Indeed, while certain compilers remain encoding-agnostic as long as the source is ASCII-compatible, certain will convert the string literals from the source character set to their appropriate execution character sets. This is the case of MSVC which, when it detects a source file is in UTF-8 or UTF-16, will convert narrow string literals to ANSI and wide string literals to UTF-16. Furthermore, if it doesn't detect the character encoding of the source file, it will still convert wide string literals from ANSI to UTF-16 while leaving narrow ones untouched.

Also, regardless of whether the compiler detects the character encoding of the source file or not, Unicode escape sequences, \uxxxx and \Uxxxxxxxx, will be translated to the execution character set of the literal type they're embedded in. Unfortunately, that makes them unusable portably within narrow strings, as there is no way to set the narrow execution character set to UTF-8 with MSVC, and UTF-8 is the way Unices are going.

Finally, wide characters are not well defined. In practice, they're either UTF-16 or UTF-32 code units, but their use is quite discouraged as the size of wchar_t is very variable: 16 bits on MS Windows, usually 32 bits on Unices. Nevertheless, in the lack of UTF-16 and UTF-32 literals that are coming with C++0x, wide string literals are probably the closest thing there is to native Unicode in the compiler. The library tools that automatically deduce the UTF encoding based on the size of the value type will therefore work as expected as they will expect wchar_t to represent either UTF-16 or UTF-32 depending on its size.

Alternatively, compile-time strings may be used, which allow a great deal of flexibility as arbitrary character encoding conversion may then be performed at compile-time, but which remain more verbose to declare and increase compilation times.

We can then infer certain guidelines to write Unicode data within C++ source files in a portable way while taking a few reasonable assumptions.

Legacy guidelines

The following guidelines ensure everything will go welll, regardless of compiler or environment setup:

Source file encoding: use UTF-8 without a Byte Order Mark or use ASCII. This ensures most compilers will run in an encoding-agnostic mode and not perform translations, plus most compilers only support ASCII-compatible input.
Narrow character literals: use ASCII only; if you use escape sequences such as \x treat the data you're inputting as UTF-8 code units. Ban \u and \U.
Narrow string literals: freely input UTF-8; if you use escape sequences such as \x treat the data you're inputting as UTF-8 code units. Ban \u and \U.
Wide character literals: use ASCII only; if you use escape sequences such as \x treat the data you're inputting as UTF-32 code units, but don't input anything higher than 0xD800. Use heavily \u but ban \U.
Wide string literals: use ASCII only; if you use escape sequences such as \x treat the data you're inputting as UTF-32 code units, but don't input anything higher than 0xD800. Use heavily both \u and \U.

Modern guidelines

With C++0x introducing UTF-8, UTF-16, and UTF-32 literals, it becomes clear the way to go is to rely on the compiler to convert from the source character set to whatever encoding the strings should be in. Indeed, the compiler will convert from the source character set to UTF-8 for UTF-8 literals, UTF-16 for UTF-16 literals, UTF-32 for UTF-32 literals, the narrow execution character set for narrow literals, and the wide execution character set for wide literals.

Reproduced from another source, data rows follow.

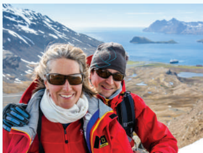
Guests enjoying the view on a hike.

Go with us for a genuinely immersive experience. National Geographic Explorer's Antarctic itinerary is crafted by explorers, enhanced by onboard experts and advanced tools, and features myriad opportunities for adventure. Begin each day with a morning stretch class or pre-breakfast coffee. Hang out on the Bridge to watch the Captain navigate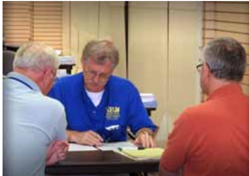
SBA is eager to answer your questions, discuss your concerns, and help you complete your loan application.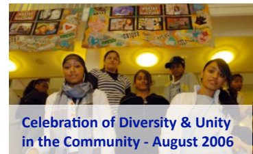
Celebration of Diversity & Unity in the Community - August 2006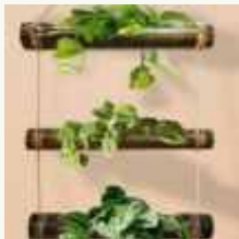
Money Plant Hanger NIS/014/2025

New India cluster from Santhapur offers an impressive variety of bamboo lifestyle products — from elegant plant hangers and decorative items to practical everyday products like bamboo cups, trays, mirrors, pen stands, and storage products.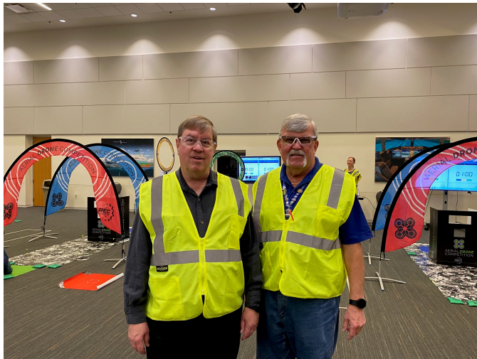
2024 Aerial Drone Competition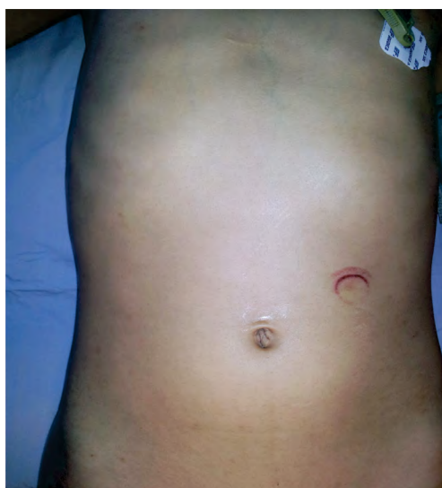
FIGURE 2. Traumatic mark (bicycle handlebars) - jejunal perforation

Unlike penetrating injuries, when surgical exploration is obvious, in the case of young children with abdominal contusion, the injuries of hollow organs can be overlooked at the initial assessment, because of a poor communication between doctors and patients, difficult interpretation of symptoms when there are associated other injuries, but also because of the initial lack of ultrasound signs of perforation. Commonly seen in adults, but also in juvenile patients who are part of certain socially disadvantaged categories, acute poisoning with alcohol or other types of drugs may be the cause of the accident and may mask the painful posttraumatic symptoms (14). Delayed diagnosis and adequate treatment lead to an extended duration of hospitalization, elevated costs and rates of morbidity (15).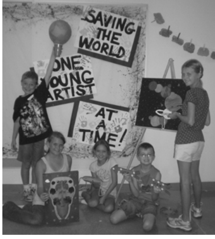
Pine Jog artists show off their solar system art during summer camp.

On a personal level, I have watched my daughter grow into a thriving toddler in a world of very uncertain economical and global times. In turn, I have witnessed many art teachers from around the state take on tremendous burdens and stress with educational budget cuts that have threatened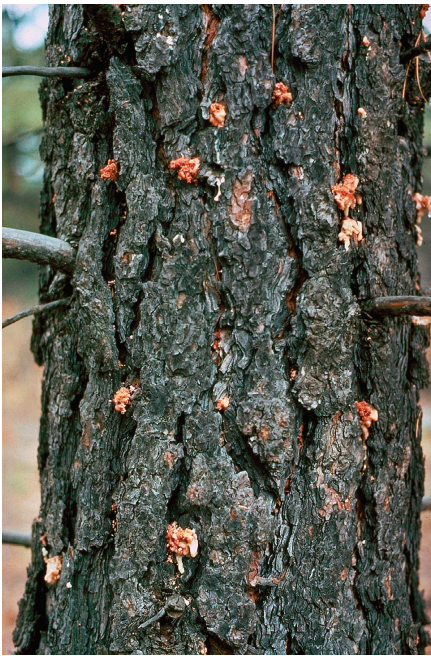
Figure 2: "Pitch tubes" indicating trunk attacks by MPB. Success of the attacks is confirmed by looking under the bark with a hatchet for beetles, their tunnels and/or bluestaining.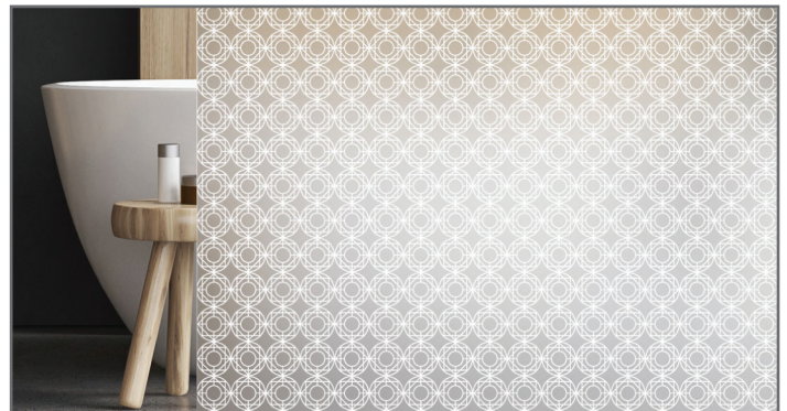
HPG_ORI_011 Printed on Acid Etched Glass

Assuming you can reliably ensure that all compilers recognize the same source character set, you can make full usage of all literal types freely. However, for UTF-8 source files, MSVC requires a BOM, while GCC requires it to not be present. If you can accomodate this in your environment, then definitely go for this solution, which is simpler and more powerful.

Compile-time strings

Option one is to use boost::mpl::string as a UTF-8 compile-time string. Its support for multi-char character literals allows it to not be too verbose, and it can be coupled with boost::unicode::string_cp to insert Unicode code points instead of the Unicode escape sequences. Any non-ASCII character shall be put as its own character literal. Note multi-char character literals require int to be at least 32 bits however.

A second option is to use boost::mpl::u32string as a UTF-32 compile-time string, and use boost::unicode::static_u8_encode or boost::unicode::static_u16_encode to eventually encode it at compile-time to UTF-8 or UTF-16. boost::mpl::u16string may also be used to directly input UTF-16. However, none of these two sequence types provide support for easier declaration with multi-char character literals.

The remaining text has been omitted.